• _EXERCISE GOAL_
The complete listing goes into the output exactly, without its pictures.

• _DATA SEGMENT_
((
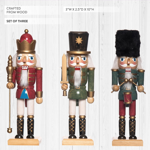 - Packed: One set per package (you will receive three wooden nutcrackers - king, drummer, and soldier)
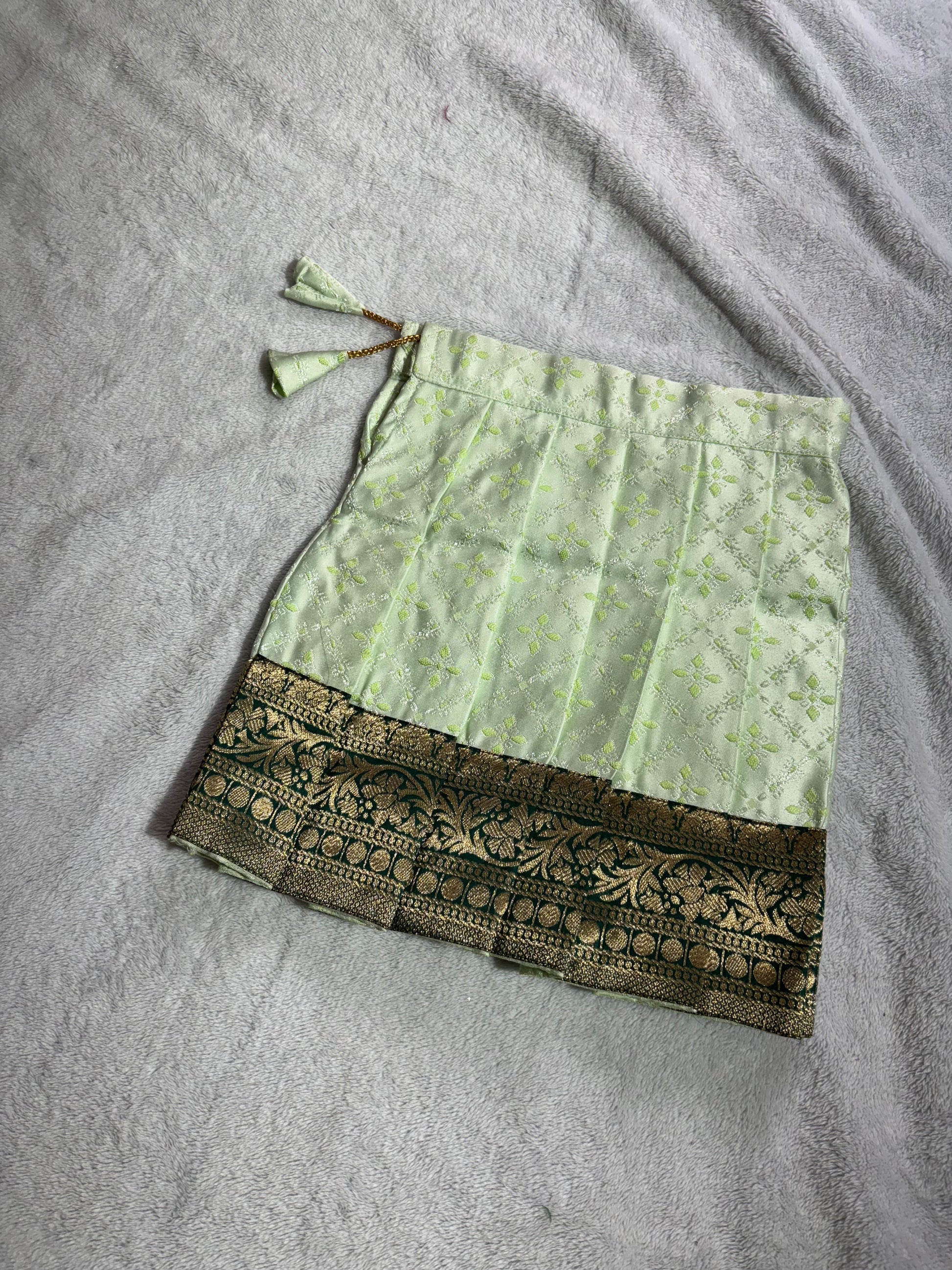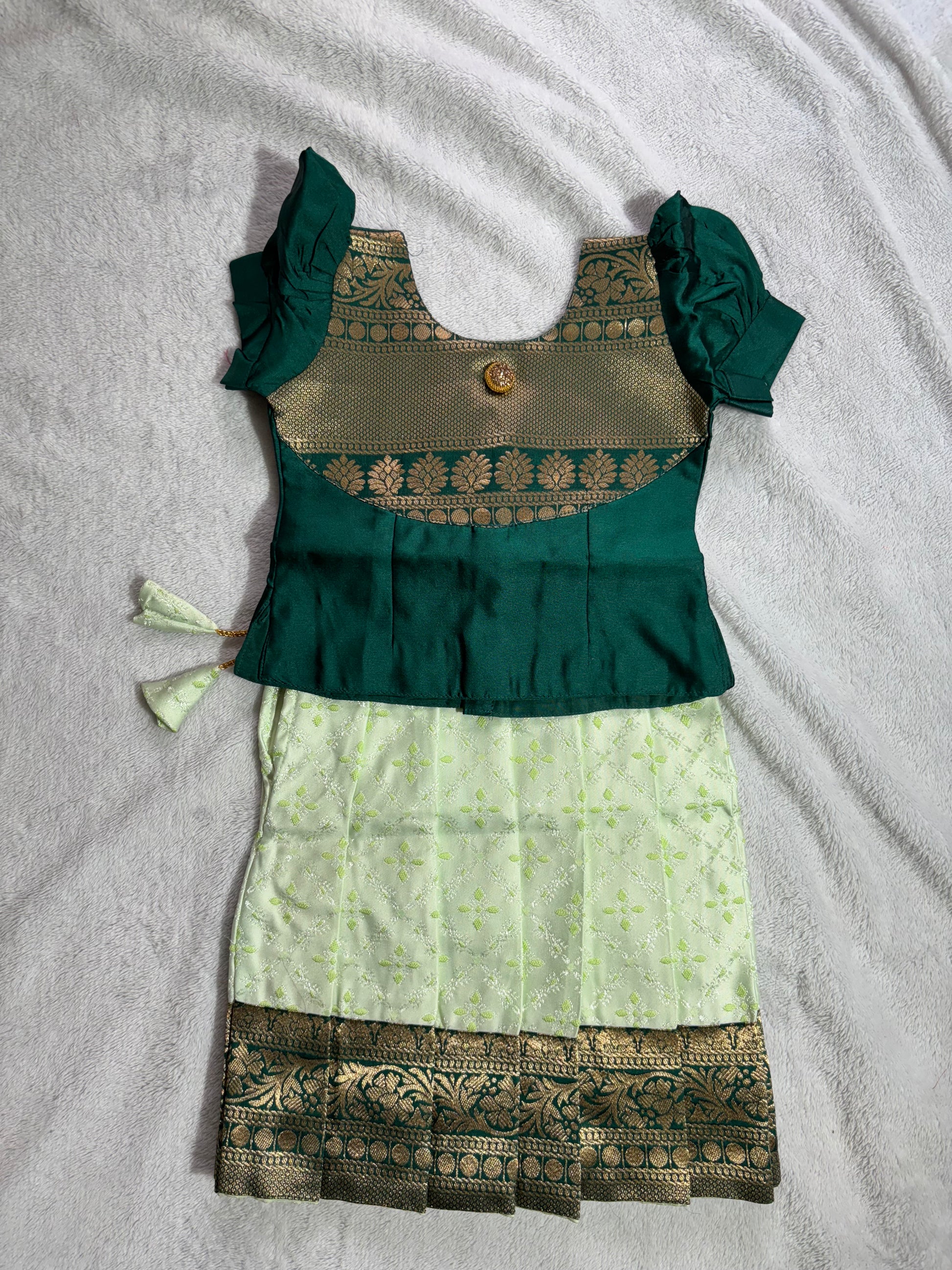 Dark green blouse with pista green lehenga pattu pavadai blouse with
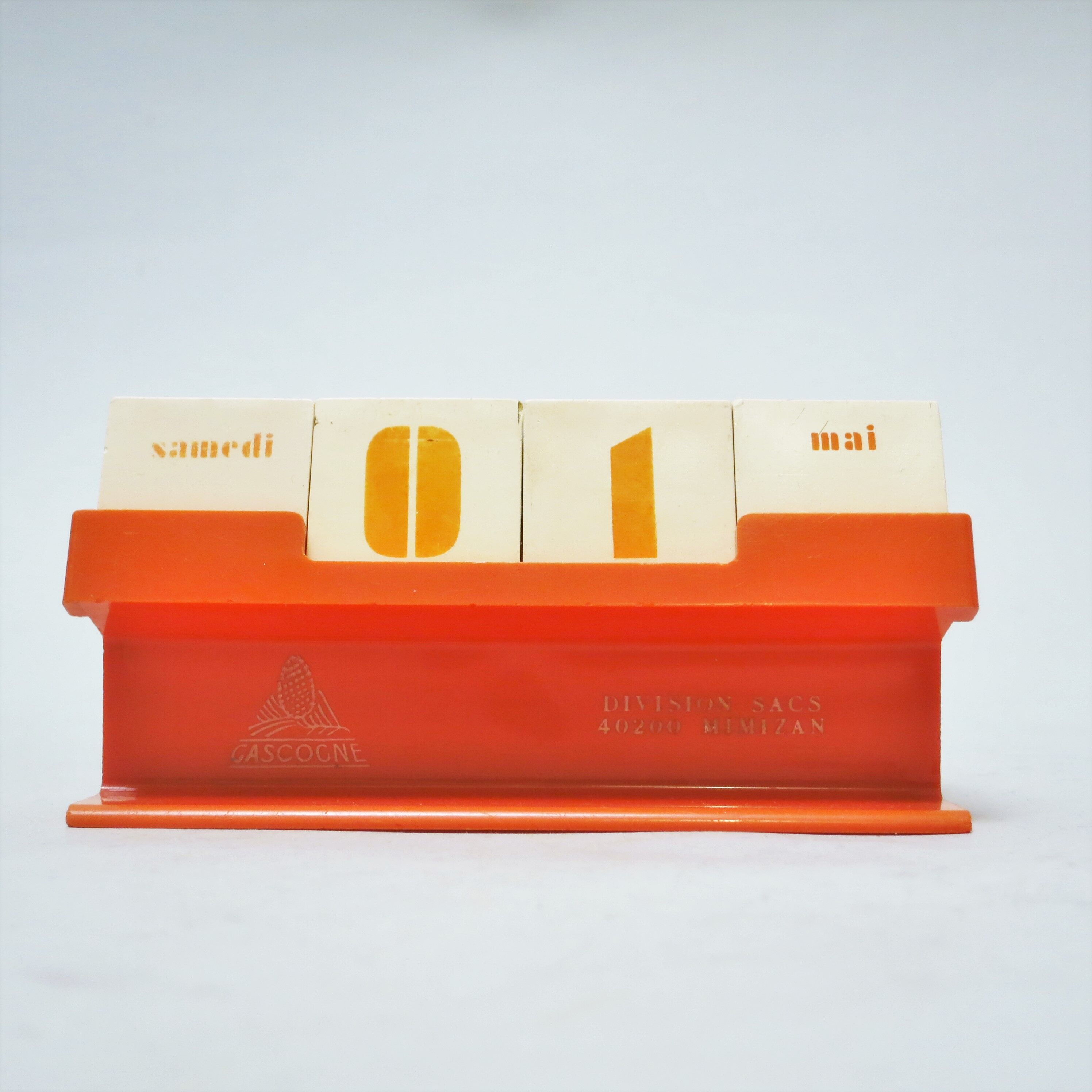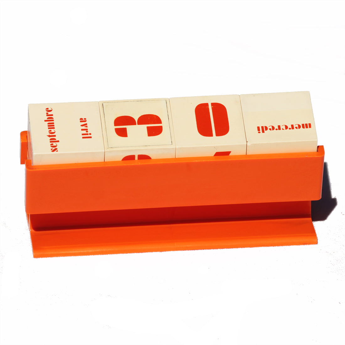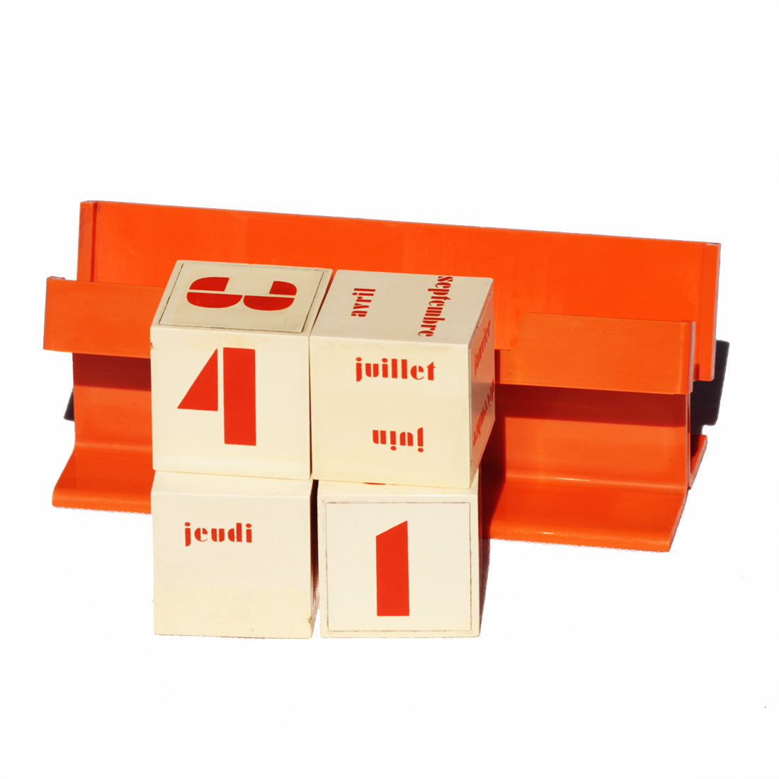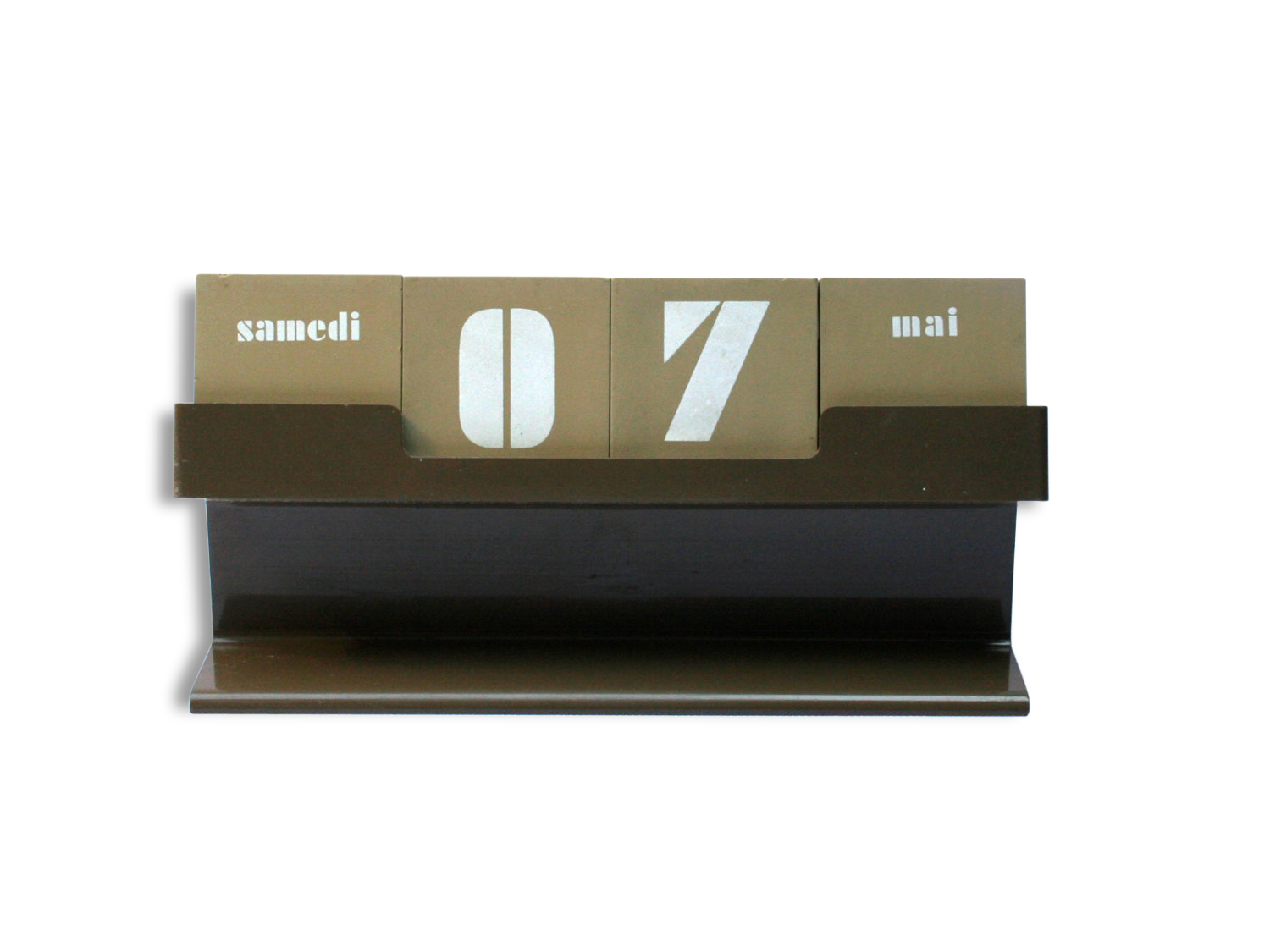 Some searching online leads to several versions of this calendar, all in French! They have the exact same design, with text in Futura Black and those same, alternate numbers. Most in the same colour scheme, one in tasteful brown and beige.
))
• _ANSWER_
 - Packed: One set per package (you will receive three wooden nutcrackers - king, drummer, and soldier)
 Dark green blouse with pista green lehenga pattu pavadai blouse with
 Some searching online leads to several versions of this calendar, all in French! They have the exact same design, with text in Futura Black and those same, alternate numbers. Most in the same colour scheme, one in tasteful brown and beige.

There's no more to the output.